With the exception of the pictures, write out the data below precisely.

--- DATA SECTION ---
/---

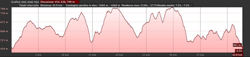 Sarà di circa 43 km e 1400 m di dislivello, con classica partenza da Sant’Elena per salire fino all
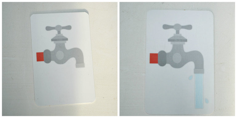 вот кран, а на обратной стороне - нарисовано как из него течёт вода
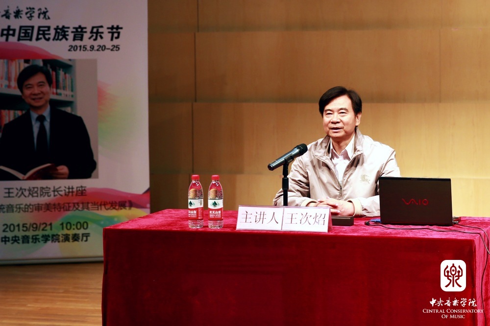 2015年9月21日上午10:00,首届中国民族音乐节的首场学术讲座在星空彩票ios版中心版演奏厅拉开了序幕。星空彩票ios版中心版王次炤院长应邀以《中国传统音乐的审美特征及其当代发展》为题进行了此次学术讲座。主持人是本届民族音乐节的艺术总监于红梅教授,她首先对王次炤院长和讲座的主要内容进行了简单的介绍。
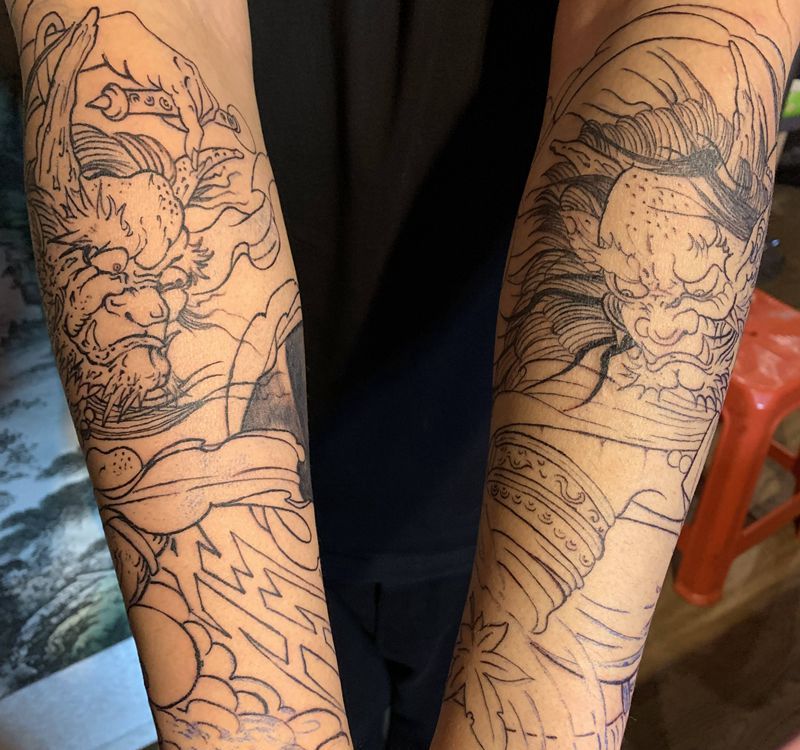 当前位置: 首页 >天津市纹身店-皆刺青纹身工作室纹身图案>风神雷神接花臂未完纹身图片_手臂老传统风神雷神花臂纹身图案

\---

--- SOLUTION FOR THIS EXERCISE ---
 Sarà di circa 43 km e 1400 m di dislivello, con classica partenza da Sant’Elena per salire fino all
 вот кран, а на обратной стороне - нарисовано как из него течёт вода
 2015年9月21日上午10:00,首届中国民族音乐节的首场学术讲座在星空彩票ios版中心版演奏厅拉开了序幕。星空彩票ios版中心版王次炤院长应邀以《中国传统音乐的审美特征及其当代发展》为题进行了此次学术讲座。主持人是本届民族音乐节的艺术总监于红梅教授,她首先对王次炤院长和讲座的主要内容进行了简单的介绍。
 当前位置: 首页 >天津市纹身店-皆刺青纹身工作室纹身图案>风神雷神接花臂未完纹身图片_手臂老传统风神雷神花臂纹身图案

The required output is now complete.